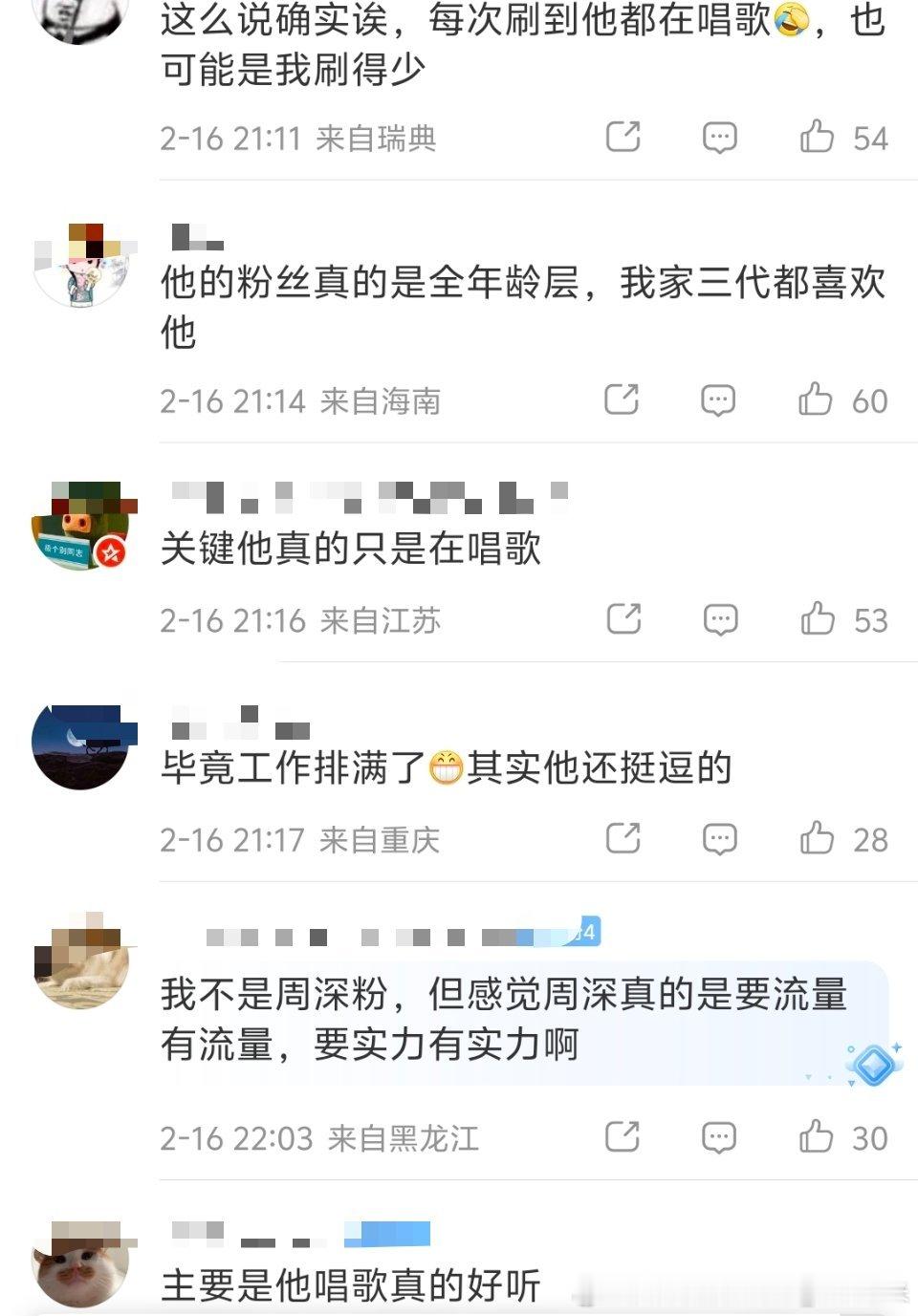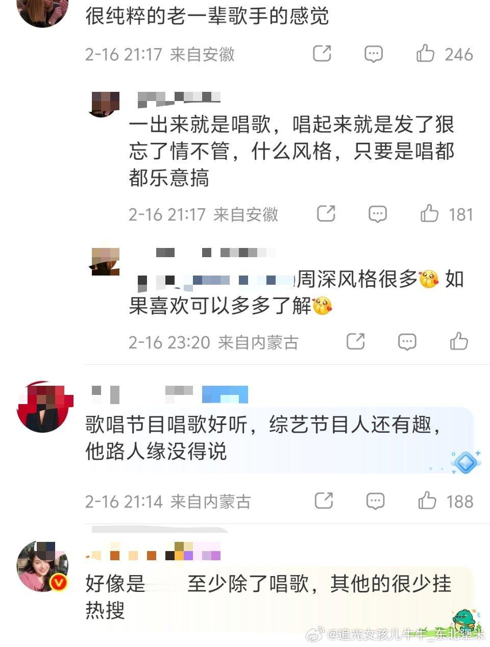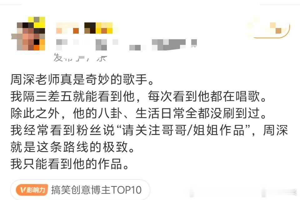 周深还得是周深周深唱功免检周深一出来我就知道稳了 春晚唱完了路人对周老师的一些评价,感慨!只要在网上能找到有关他的视频,不是在唱歌就是在唱歌的路上。甚至于沙雕都在用嗓子无八卦,日常私生活有综艺感,情商高,头脑清醒,路人缘好等等!领导你真的被越来越多的人看到了
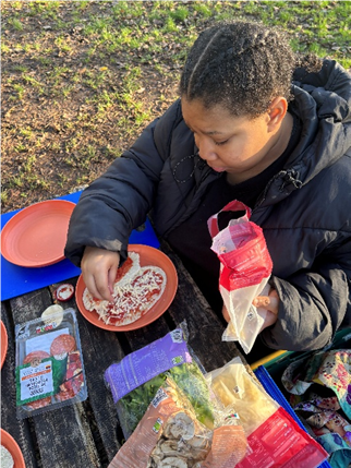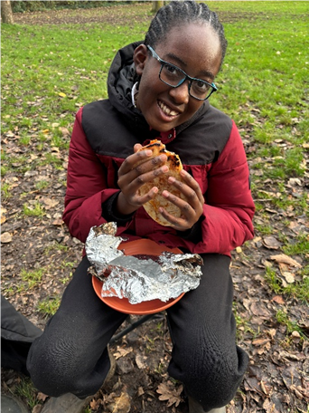 We filled our pitta breads with tomato passata, cheese and a selection of ingredients, and then wrapped them up and cooked them on the campfire.
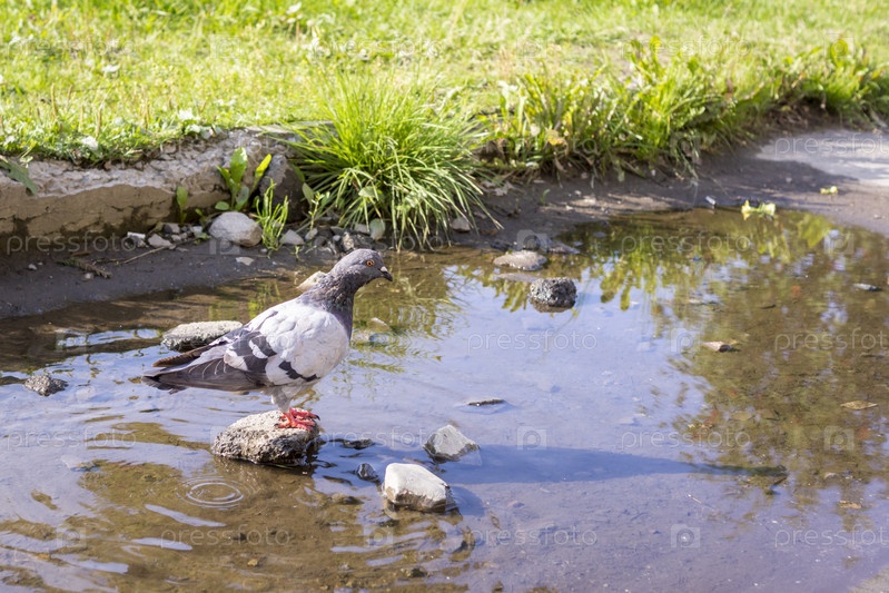 Городской голубь на водопое
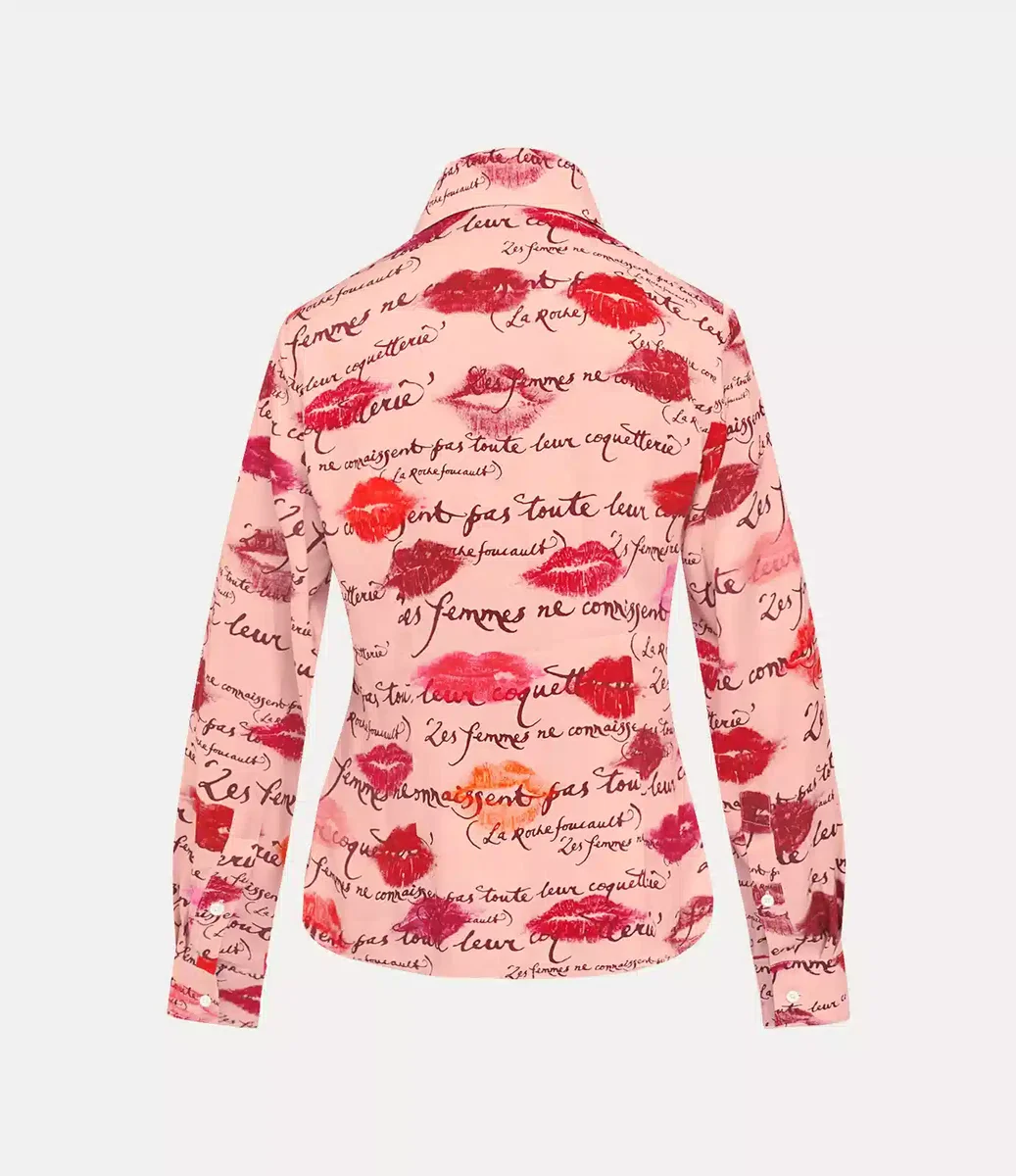 Nasza koszula smokingowa Violin ma charakterystyczny dla naszej marki kołnierzyk z dwoma guzikami, ozdobiony grafiką „Kisses”, inspirowaną opakowaniem naszych perfum „Boudoir”. Koszula ma wyrazisty, spiczasty kołnierzyk, a delikatne zaszewki w okolicy biustu i talii nadają jej wyprofilowany, dopasowany kształt.
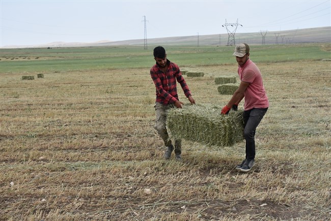 Köylülerden Ülfet Yıldırım yaptığı açıklamada, hasat mevsiminin başlamasıyla hayvanlarının kışlık yem ihtiyacını stoklamaya başladıklarını söyledi.
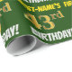 Este design de papel de empacotamento apresenta uma mensagem como "PRIMEIRO NOME DO 43º ANIVERSÁRIO!", com o "43º" a ter uma aparência falsa/imitada de cor dourada, e com o nome e "ANIVERSÁRIO" numa fonte divertida e ousada. O nome é personalizável e o fundo é verde colorido. Um papel de embrulho como este poderia talvez ser usado no embrulho de presentes de aniversário que são dados a alguém em comemoração de seus quarenta e terceiro anos. [~Z0000208]
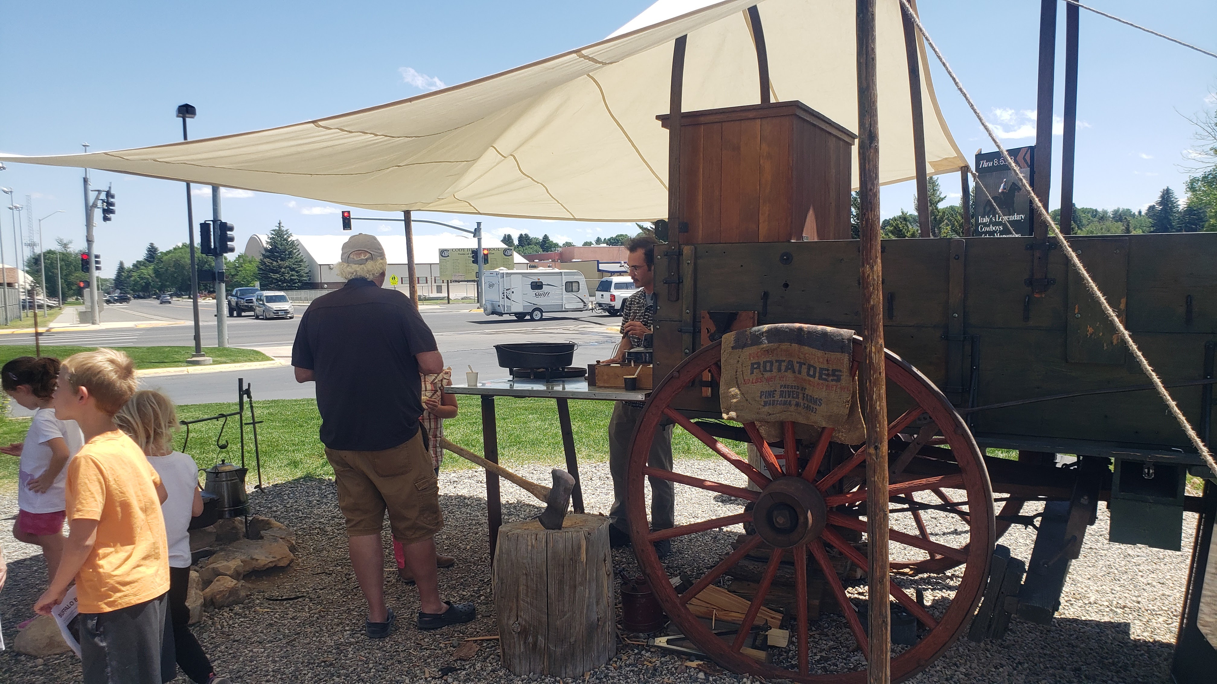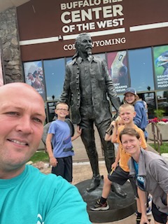 After the boys got their haircuts and the girls did a little grocery shopping to reset for the next few days we went back to the museum and visited the wagon where he was making beans, biscuits, and coffee. We then visited the Buffalo Bill museum and the Plains Indians museum.
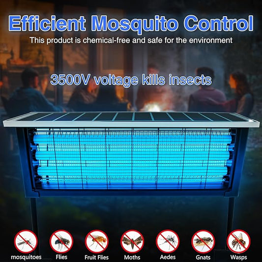 Large Solar Bug Zapper with High Powered for 3500 sq.ft, Portable Outdoor Mosquito Zapper, Rechargeable Electric Fly Zapper for Patio Garden Backyard RV Camping Pond Pest Control
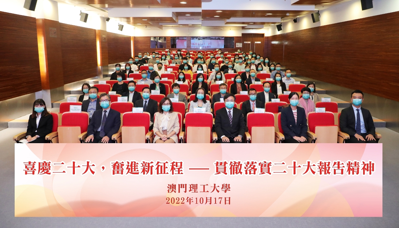 中国共产党第二十次全国代表大会10月16日上午在北京人民大会堂隆重开幕,澳门理工大学师生观看二十大开幕会直播,认真聆听习近平总书记作的报告。2022年10月17日,澳门理工大学举办“喜庆二十大,奋进新征程——贯彻落实二十大报告精神” 学习会,师生校友深入讨论报告内容,分享学习成果。行政管理委员会全体成员、各院院长、学术单位主管、行政部门主管、教师、行政人员、学生会、校友会代表近百人,相聚在汇智楼演讲厅,认真学习二十大报告,场面热烈。
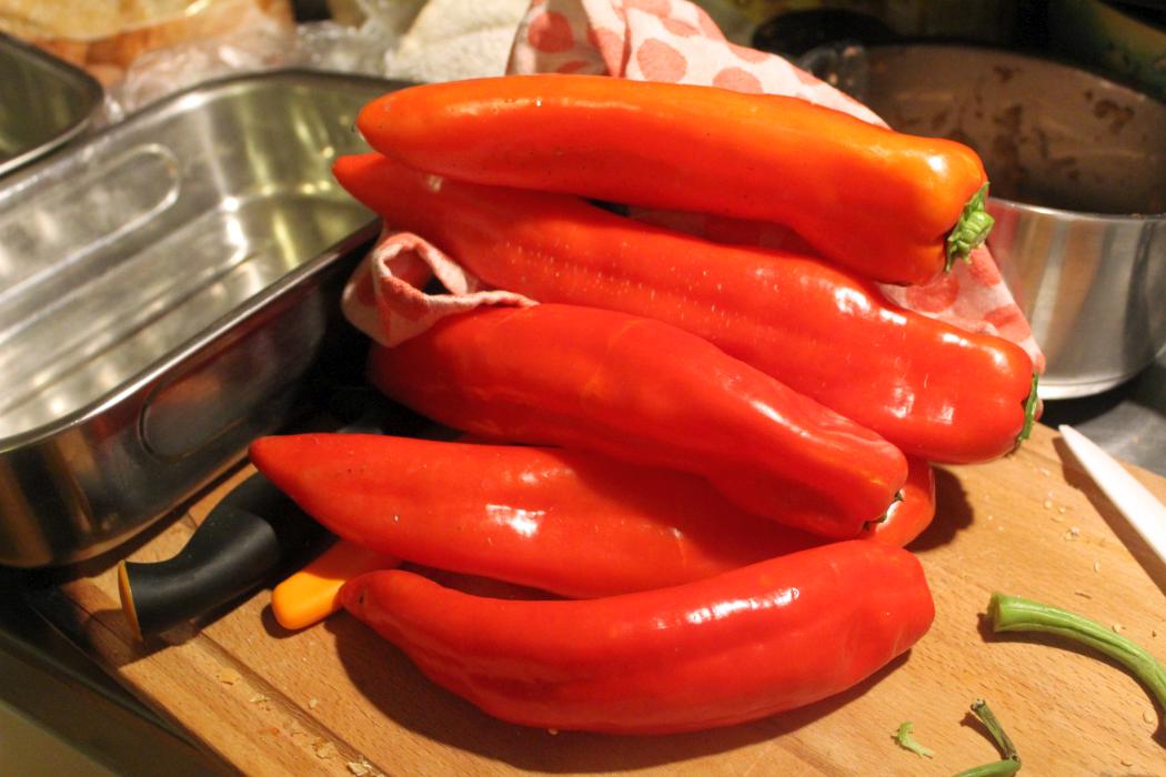 Mein Ofen ist ja doof und hat nur Unterhitze, deswegen braucht der immer länger als ein normaler Ofen. Dafür ist er im Gegenzug ein bisschen schonender beim Garen. Ich brauche für Paprika und Tomaten aber auch zwischen 45 Minuten und einer Stunde, bis da das Wasser raus ist. Ihr solltet 200 Grad nehmen, ich stelle den Gasofen zwischen Stufe 5 und 6 ein.

☆ ☆ ☆ ☆

● Requirement
Please keep the pictures out and reproduce the records above exactly.

● Final answer
 周深还得是周深周深唱功免检周深一出来我就知道稳了 春晚唱完了路人对周老师的一些评价,感慨!只要在网上能找到有关他的视频,不是在唱歌就是在唱歌的路上。甚至于沙雕都在用嗓子无八卦,日常私生活有综艺感,情商高,头脑清醒,路人缘好等等!领导你真的被越来越多的人看到了
 We filled our pitta breads with tomato passata, cheese and a selection of ingredients, and then wrapped them up and cooked them on the campfire.
 Городской голубь на водопое
 Nasza koszula smokingowa Violin ma charakterystyczny dla naszej marki kołnierzyk z dwoma guzikami, ozdobiony grafiką „Kisses”, inspirowaną opakowaniem naszych perfum „Boudoir”. Koszula ma wyrazisty, spiczasty kołnierzyk, a delikatne zaszewki w okolicy biustu i talii nadają jej wyprofilowany, dopasowany kształt.
 Köylülerden Ülfet Yıldırım yaptığı açıklamada, hasat mevsiminin başlamasıyla hayvanlarının kışlık yem ihtiyacını stoklamaya başladıklarını söyledi.
 Este design de papel de empacotamento apresenta uma mensagem como "PRIMEIRO NOME DO 43º ANIVERSÁRIO!", com o "43º" a ter uma aparência falsa/imitada de cor dourada, e com o nome e "ANIVERSÁRIO" numa fonte divertida e ousada. O nome é personalizável e o fundo é verde colorido. Um papel de embrulho como este poderia talvez ser usado no embrulho de presentes de aniversário que são dados a alguém em comemoração de seus quarenta e terceiro anos. [~Z0000208]
 After the boys got their haircuts and the girls did a little grocery shopping to reset for the next few days we went back to the museum and visited the wagon where he was making beans, biscuits, and coffee. We then visited the Buffalo Bill museum and the Plains Indians museum.
 Large Solar Bug Zapper with High Powered for 3500 sq.ft, Portable Outdoor Mosquito Zapper, Rechargeable Electric Fly Zapper for Patio Garden Backyard RV Camping Pond Pest Control
 中国共产党第二十次全国代表大会10月16日上午在北京人民大会堂隆重开幕,澳门理工大学师生观看二十大开幕会直播,认真聆听习近平总书记作的报告。2022年10月17日,澳门理工大学举办“喜庆二十大,奋进新征程——贯彻落实二十大报告精神” 学习会,师生校友深入讨论报告内容,分享学习成果。行政管理委员会全体成员、各院院长、学术单位主管、行政部门主管、教师、行政人员、学生会、校友会代表近百人,相聚在汇智楼演讲厅,认真学习二十大报告,场面热烈。
 Mein Ofen ist ja doof und hat nur Unterhitze, deswegen braucht der immer länger als ein normaler Ofen. Dafür ist er im Gegenzug ein bisschen schonender beim Garen. Ich brauche für Paprika und Tomaten aber auch zwischen 45 Minuten und einer Stunde, bis da das Wasser raus ist. Ihr solltet 200 Grad nehmen, ich stelle den Gasofen zwischen Stufe 5 und 6 ein.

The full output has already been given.